As you approach, they don't blunder off into
the sea or shuffle behind a rock, as you might expect; they
keep on sleeping in the sun or stare at you with studied indifference.
If you stand within a meter or two they might snarl or bark
with a sound that's a cross between a pig's oink and the klaxon
of antique car, as if to say, "This is my space." But they
are unlikely to be aggressive towards you, nor frightened.
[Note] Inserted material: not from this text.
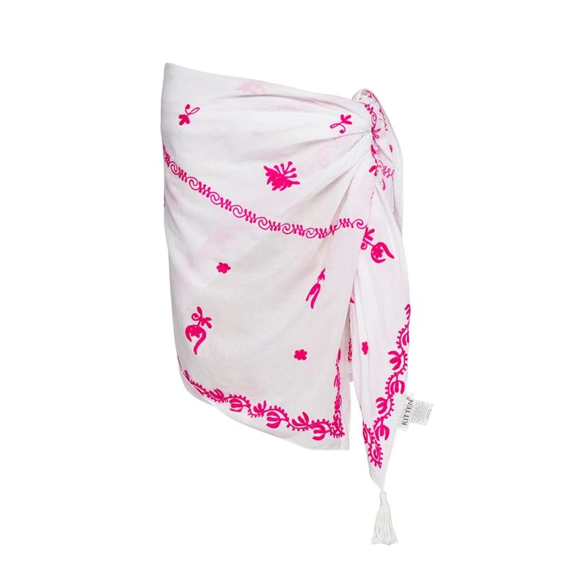 An essential wardrobe addition to wear with your swimwear at the beach or as a chunky neck scarf . The Mykonos sarong is made from the most gorgeous cotton voile with statement hot pink signature embroidered detail and chunky tassels.
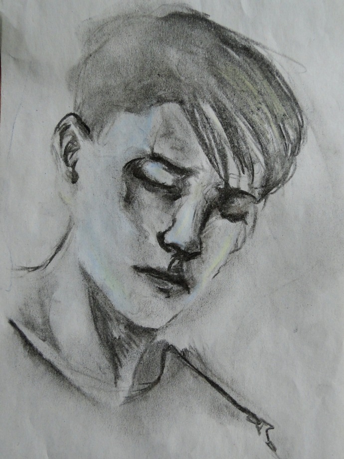 2. face study, blue and yellow chalk & charcoal

Walking along rocky shorelines, you encounter blue-footed
boobies laying eggs on the pathways who show not the slightest
concern at your presence. They don't bat an eye if you approache
within a meter. Prehistoric marine iguanas, which look like
miniature dragons or extras from a science fiction movie,
eye you languorously from jagged lava rocks and hardly deign
to move if you poke a camera lens within a few inches of their
glistening heads.
For hundreds of years human visitors have commented
on the abundance and tameness of the wildlife in these remote
and isolated islands that straddle the equator in the Pacific
Ocean, about 1,000 km (625 miles) off the coast of Ecuador.
In fact, the word tame isn't quite accurate since it implies
domesticated wildlife. For the most part animals of the Galápagos
have evolved and lived without fear of predators common in
other parts of the world, neither human nor four-legged.
This
absence of fear on the part of the birds and animals, make
human visitors feel an extraordinary, uplifting harmony with
nature that cannot be experienced anywhere else on earth.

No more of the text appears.